HOW TO COMPLETE THIS TASK - Everything in the records must be restated exactly, apart from the pictures.

DATA LISTING -
=======

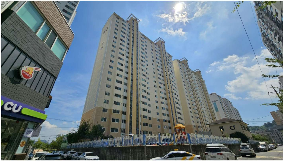
씨티해오름아파트 북서측→남동측 전경
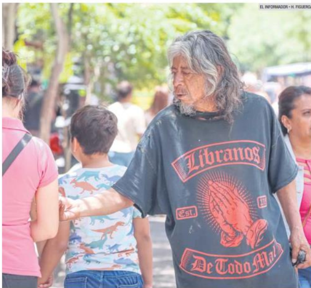
SIN AYUDA. Un tercio de los adultos mayores en México vive en situación de pobreza.
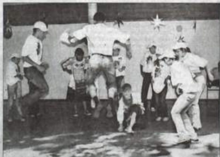
Страсти игровые накаляются.
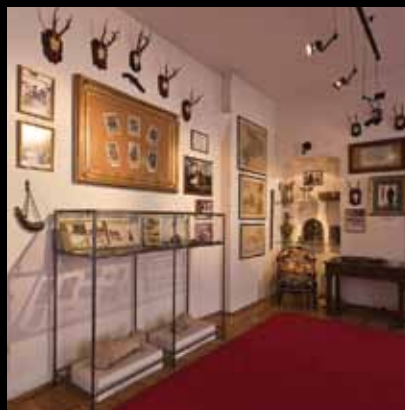
Interijer Gradskog muzeja i galerije Jastrebarsko

Želite li putovati kulturološki kroz prostor i vrijeme, područje Jastrebarskog i okolice s nizom vrijednih sakralnih objekata, dvoraca, kurija i kulturnih institucija idealno je mjesto za Vas!
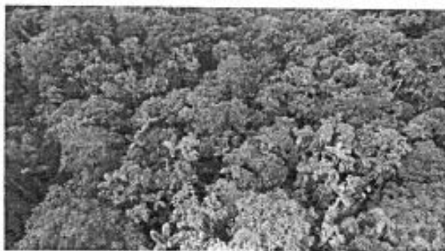
Imagen RAPS del sector La Perla

=======

TASK OUTPUT -
씨티해오름아파트 북서측→남동측 전경
SIN AYUDA. Un tercio de los adultos mayores en México vive en situación de pobreza.
Страсти игровые накаляются.
Interijer Gradskog muzeja i galerije Jastrebarsko

Želite li putovati kulturološki kroz prostor i vrijeme, područje Jastrebarskog i okolice s nizom vrijednih sakralnih objekata, dvoraca, kurija i kulturnih institucija idealno je mjesto za Vas!
Imagen RAPS del sector La Perla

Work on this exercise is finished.